The overwhelming majority of businesses in the U.S. are not C-corporations subject to the corporate tax. Rather, most businesses—about 95 percent—are “pass-throughs,” which have their income “pass through” to their owners to be taxed under the individual income tax.

Pass-through businesses include sole proprietorships, partnerships, and S-corporations. Because these businesses’ decisions are affected by both corporate and individual tax systems, earn a majority of U.S. business income, range in size and complexity, and operate economy-wide in a variety of industries, they represent unusual challenges to tax reform.

Both the Trump administration and the 2016 House Republican tax reform plan propose large reductions in taxes paid on business income, including taxes paid by owners of pass-through businesses. For instance, the Trump tax plan proposes reducing the corporate tax rate from 35 percent to 15 percent and the top tax rate on income earned from pass-through business from 39.6 percent to 15 percent.

To help understand the policy considerations surrounding the taxation of pass-through businesses and the implications of potential reforms, here are nine facts about pass-throughs and the current U.S. approach to taxing business.

Click on each fact to jump to its discussion.

  1. Most businesses are pass-throughs.
    Of the 26 million businesses in 2014, 95 percent were pass-throughs, while only 5 percent were C-corporations.
  2. Almost all businesses are small.
    In 2014, almost 99 percent of businesses, whether pass-through businesses or C-corporations, had $10 million or less in sales or receipts.
  3. Pass-throughs are not necessarily small businesses.
    A small number of large businesses account for the majority of pass-through profits and economic activity.
  4. Pass through businesses now earn a majority of business income.
    In the early 1980s, C-corporations produced almost all business income.  In 2013, only 44 percent of the income of business owners was earned through C-corporations.
  5. Pass-through businesses pay lower tax rates than C-corporations.
    The gap between the lower tax rate on pass-throughs and the higher rates faced by C-corporations creates a major incentive for businesses to un-incorporate and to organize as pass-throughs. 
  6. The multitude of business types encourages inefficient tax avoidance.
    With so many options to choose from when determining how to structure a business and whether to distribute business income as profits, wages, or capital gains, business owners have considerable incentive and ability to avoid tax.
  7. The growth of pass-through businesses has eroded corporate and payroll revenues.
    If the relative shares of pass-through and C-corporate activity were held at 1980 levels, the average tax rate on business income in 2011 would have produced at least $100 billion in additional revenue in 2011 alone.
  8. Pass-through income is primarily earned by high-income individuals.
    About 70 percent of partnership income accrues to the top 1 percent, compared to less than 50 percent of corporate dividends and 11 percent of wages.
  9. Pass-through businesses are responsible for a significant share of the tax gap.
    About 41 percent of the tax gap from 2008-2010, or $190 billion, was due to pass-throughs underreporting income and thus paying too little income tax.

Fact 1: Most businesses are pass-throughs.

Of the 26 million businesses in 2014, 95 percent were pass-throughs, while only 5 percent were C-corporations (Figure 1). C-corporations, which include most publicly traded businesses, pay taxes at the corporate level.
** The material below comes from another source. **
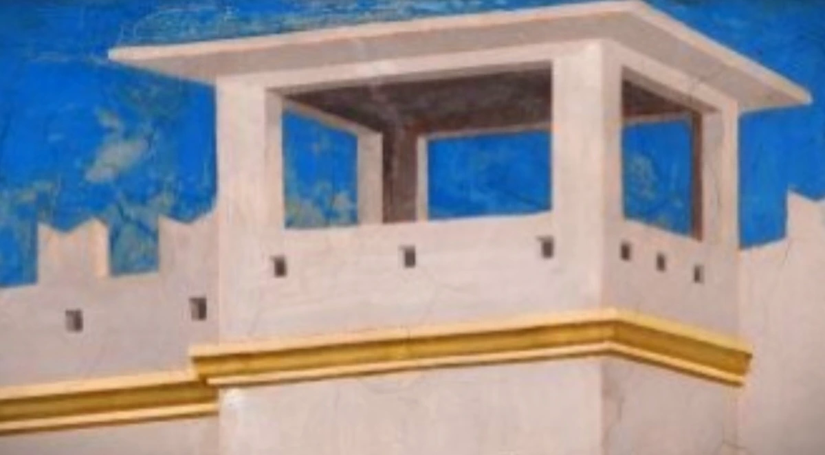 장면의 배경이 되는 성문은 도성을 지키는 요새로 그림에서는 자연 암반 위에 견고하게 쌓아 올린 형태다. 놓여있는 다리로 보아 성 주위에 해자를 둘러 방어막을 쳤고 문 양쪽으로는 망루를 높이 세웠으며 공격을 위한 작은 사각형 모양의 타구와 세로로 긴 현안도 보인다. 성문은 황금색으로 화려하게 장식되어 있어서 그림을 소개하는 여러 표현 중에 종종 '황금문'으로 부르기도 한다.

As a result, the income of C-corporations is potentially taxed twice: once at the corporate level (with a top tax rate of 35 percent) and again when the profits are distributed to shareholders via dividends or capital gains (at rates up to 23.8 percent). Organizing as a C-corporation affords the owner limited liability (that is, the owner’s personal assets are protected against business losses) and facilitates complex financing such as selling shares to the public.  In contrast, “pass-throughs” do not pay the corporate tax. Instead, their profits are “passed through” to their owners’ individual tax returns and taxed at the individual rate.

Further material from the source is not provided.